PROBLEM TO SOLVE
Word for word, write out the entries that follow, omitting all pictures.

Records contained in a dataset
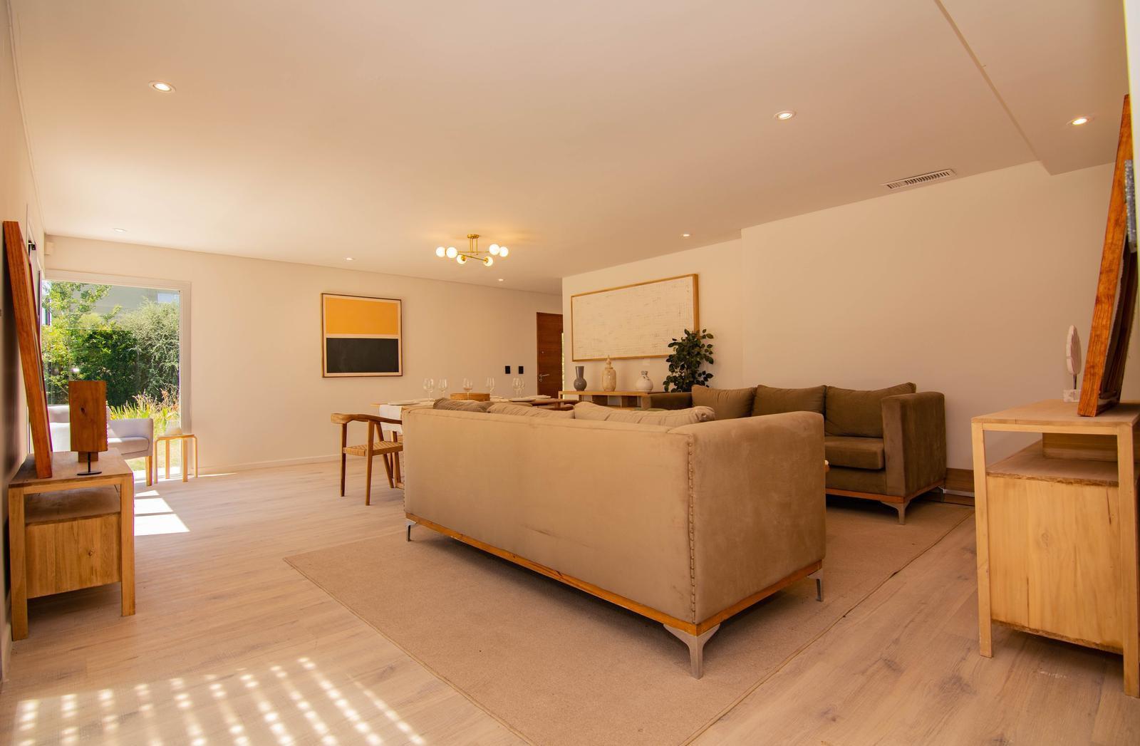 Detalles de calidad que destacan incluyen pisos de porcelanato y madera de ingeniería, aberturas de aluminio con DVH, y baños de primera línea. La propiedad ofrece servicios esenciales como agua corriente, gas natural, internet, y más, asegurando una calidad de vida excepcional en un entorno inigualable.
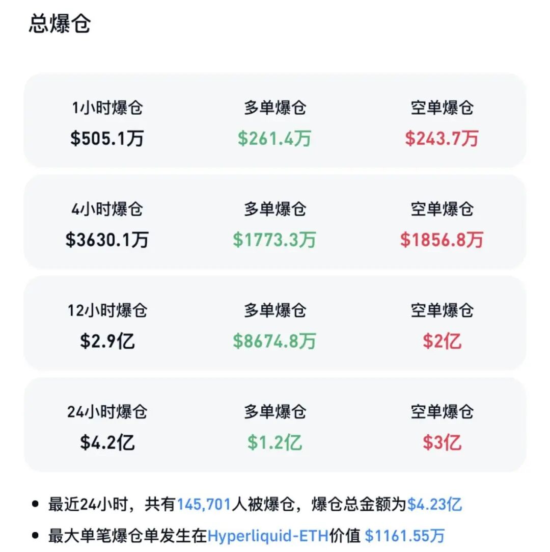 【导读】比特币价格突破12万美元大关,近15万人被爆仓 加密货币市场集体走强,比特币价格突破12万美元大关。Coinglass数据显示,过去24小时加密货币市场共有近15万人被爆仓。 比特币价格突破12万美元大关 10月3日凌晨,比特币价格突破12万美元大关,24小时涨幅为1.6%。 ![]() 以太坊一度突破4500美元/枚,涨超3%。 ![]() 此外,BNB、索拉纳币、狗狗币均涨超5%。 ![]() Coinglass数据显示,过去24小时加密货币市场共有近15万人被爆仓,爆仓总金额为4.23亿美元,其中多单爆仓1.2亿美元,空单爆仓3亿美元。其中,最大单笔爆仓发生在Hyperliquid-ETH。 ![]() 消息面上,因美国国会参议院否决临时拨款法案,美国联邦政府自10月1日起进入“停摆”。受政府“关门”影响,约75万名联邦雇员被迫停薪休假,多项公共服务陷入停滞,国家公园、航空系统均受到冲击。 据路透社报道,美国联邦政府“关门”导致约75万名联邦雇员被迫停薪休假,而不能离岗的军队及边境巡逻人员等其他职员暂时“无薪上班”。 美国副总统万斯警告,如果联邦政府“停摆”持续时间较长,可能会引发裁员。白宫发言人莱维特则说,联邦政府裁员“很可能”发生,且“很快”会发生。 摩根大通:比特币在年底前或达16.5万美元 不过,美国政府关门事件并未动摇华尔街对加密货币的展望。10月2日,花旗银行在其最新的报告中更新以太坊和比特币未来12个月的目标价,分别上调至5400美元和18.1万美元。 花旗表示,预计明年投资者需求将继续推动其价格上涨。“相比于以太坊,我们对比特币更为看好,因为它在加密货币市场的新增流动资金中占据了很大比例。” 花旗还指出,政府关门可能会推迟关键经济数据的发布,但强调这不应改变美联储的政策路径。该行经济学家仍预计美联储10月和12月将分别降息25个基点,这与美联储最新的点阵图一致。 此外,摩根大通的分析师表示,比特币价格可能在年底前攀升至16.5万美元,他们认为,从波动率调整后的基础来看,比特币与黄金相比被低估了。 摩根大通分析师在周三的一份报告中称,比特币与黄金的波动率比率已降至2.0以下,这意味着比特币目前消耗的风险资本约为黄金的1.85倍。基于这一比率,比特币目前2.3万亿美元的市值需要上涨约42%。“这可能意味着比特币有显著的上涨空间。” 该分析师认为,这一转变是由散户主导的“贬值交易”。投资者纷纷涌向比特币和黄金,以对冲赤字、通胀和法定货币贬值的风险。散户投资者一直是比特币投资的“主力军”,自2024年底以来,他们纷纷涌入现货比特币和黄金ETF。尽管机构投资者已通过CME期货参与其中,但与ETF流入量相比,他们的参与度有所落后,这凸显出这一势头在多大程度上是由散户推动的。 (文章来源:中国基金报) |
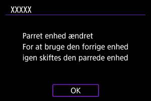 - Der vises en meddelelse, hvis kameraet allerede er parret med en anden enhed. Vælg [OK] for at afslutte den aktuelle Bluetooth-forbindelse.
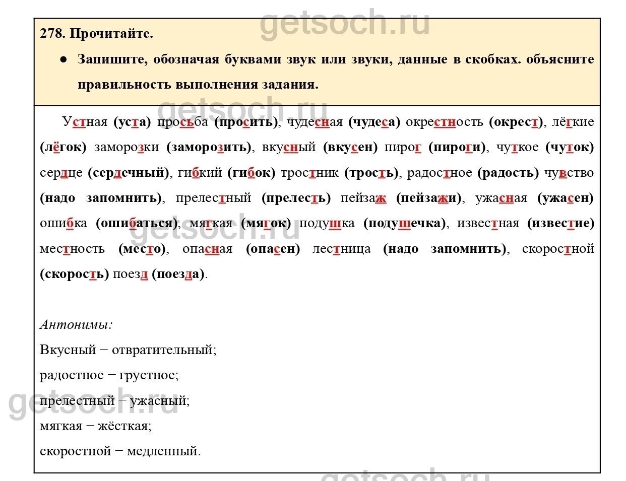 Рассмотрим ответы на Упражнение 278 из учебника по русскому языку для 4 класса Канакиной
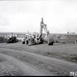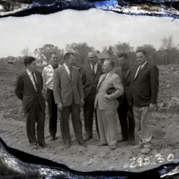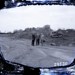 Photograph of five men working with a railroad crane to install a piece of the railroad trestle crossing Toms Brook in the Town of Toms Brook Virginia.
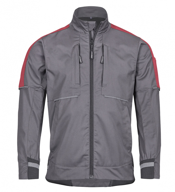 Grau rote Arbeitsbundjacke mit Elastikeinsätzen. Gefertigt aus Gewebe europäischen Ursprungs. Ergonomische Schnittführung mit Elastik-Einsätzen an Rücken, Bund und Manschetten. Diverse Taschen. Reflexelemente auf Front und Rücken. Innen mit Abstandsgewirk im Rücken für maximalen Tragekomfort. Unterlegter Front-Reißverschluss mit Zipper-Garage am Kinn. Hochwertige Marken-Accessoires. Arbeitsjacke geeignet für die Industriewäsche nach EN ISO 15797.

THE COMPLETED TASK
 Detalles de calidad que destacan incluyen pisos de porcelanato y madera de ingeniería, aberturas de aluminio con DVH, y baños de primera línea. La propiedad ofrece servicios esenciales como agua corriente, gas natural, internet, y más, asegurando una calidad de vida excepcional en un entorno inigualable.
 【导读】比特币价格突破12万美元大关,近15万人被爆仓 加密货币市场集体走强,比特币价格突破12万美元大关。Coinglass数据显示,过去24小时加密货币市场共有近15万人被爆仓。 比特币价格突破12万美元大关 10月3日凌晨,比特币价格突破12万美元大关,24小时涨幅为1.6%。 ![]() 以太坊一度突破4500美元/枚,涨超3%。 ![]() 此外,BNB、索拉纳币、狗狗币均涨超5%。 ![]() Coinglass数据显示,过去24小时加密货币市场共有近15万人被爆仓,爆仓总金额为4.23亿美元,其中多单爆仓1.2亿美元,空单爆仓3亿美元。其中,最大单笔爆仓发生在Hyperliquid-ETH。 ![]() 消息面上,因美国国会参议院否决临时拨款法案,美国联邦政府自10月1日起进入“停摆”。受政府“关门”影响,约75万名联邦雇员被迫停薪休假,多项公共服务陷入停滞,国家公园、航空系统均受到冲击。 据路透社报道,美国联邦政府“关门”导致约75万名联邦雇员被迫停薪休假,而不能离岗的军队及边境巡逻人员等其他职员暂时“无薪上班”。 美国副总统万斯警告,如果联邦政府“停摆”持续时间较长,可能会引发裁员。白宫发言人莱维特则说,联邦政府裁员“很可能”发生,且“很快”会发生。 摩根大通:比特币在年底前或达16.5万美元 不过,美国政府关门事件并未动摇华尔街对加密货币的展望。10月2日,花旗银行在其最新的报告中更新以太坊和比特币未来12个月的目标价,分别上调至5400美元和18.1万美元。 花旗表示,预计明年投资者需求将继续推动其价格上涨。“相比于以太坊,我们对比特币更为看好,因为它在加密货币市场的新增流动资金中占据了很大比例。” 花旗还指出,政府关门可能会推迟关键经济数据的发布,但强调这不应改变美联储的政策路径。该行经济学家仍预计美联储10月和12月将分别降息25个基点,这与美联储最新的点阵图一致。 此外,摩根大通的分析师表示,比特币价格可能在年底前攀升至16.5万美元,他们认为,从波动率调整后的基础来看,比特币与黄金相比被低估了。 摩根大通分析师在周三的一份报告中称,比特币与黄金的波动率比率已降至2.0以下,这意味着比特币目前消耗的风险资本约为黄金的1.85倍。基于这一比率,比特币目前2.3万亿美元的市值需要上涨约42%。“这可能意味着比特币有显著的上涨空间。” 该分析师认为,这一转变是由散户主导的“贬值交易”。投资者纷纷涌向比特币和黄金,以对冲赤字、通胀和法定货币贬值的风险。散户投资者一直是比特币投资的“主力军”,自2024年底以来,他们纷纷涌入现货比特币和黄金ETF。尽管机构投资者已通过CME期货参与其中,但与ETF流入量相比,他们的参与度有所落后,这凸显出这一势头在多大程度上是由散户推动的。 (文章来源:中国基金报) |
 - Der vises en meddelelse, hvis kameraet allerede er parret med en anden enhed. Vælg [OK] for at afslutte den aktuelle Bluetooth-forbindelse.
 Рассмотрим ответы на Упражнение 278 из учебника по русскому языку для 4 класса Канакиной
 Photograph of five men working with a railroad crane to install a piece of the railroad trestle crossing Toms Brook in the Town of Toms Brook Virginia.
 Grau rote Arbeitsbundjacke mit Elastikeinsätzen. Gefertigt aus Gewebe europäischen Ursprungs. Ergonomische Schnittführung mit Elastik-Einsätzen an Rücken, Bund und Manschetten. Diverse Taschen. Reflexelemente auf Front und Rücken. Innen mit Abstandsgewirk im Rücken für maximalen Tragekomfort. Unterlegter Front-Reißverschluss mit Zipper-Garage am Kinn. Hochwertige Marken-Accessoires. Arbeitsjacke geeignet für die Industriewäsche nach EN ISO 15797.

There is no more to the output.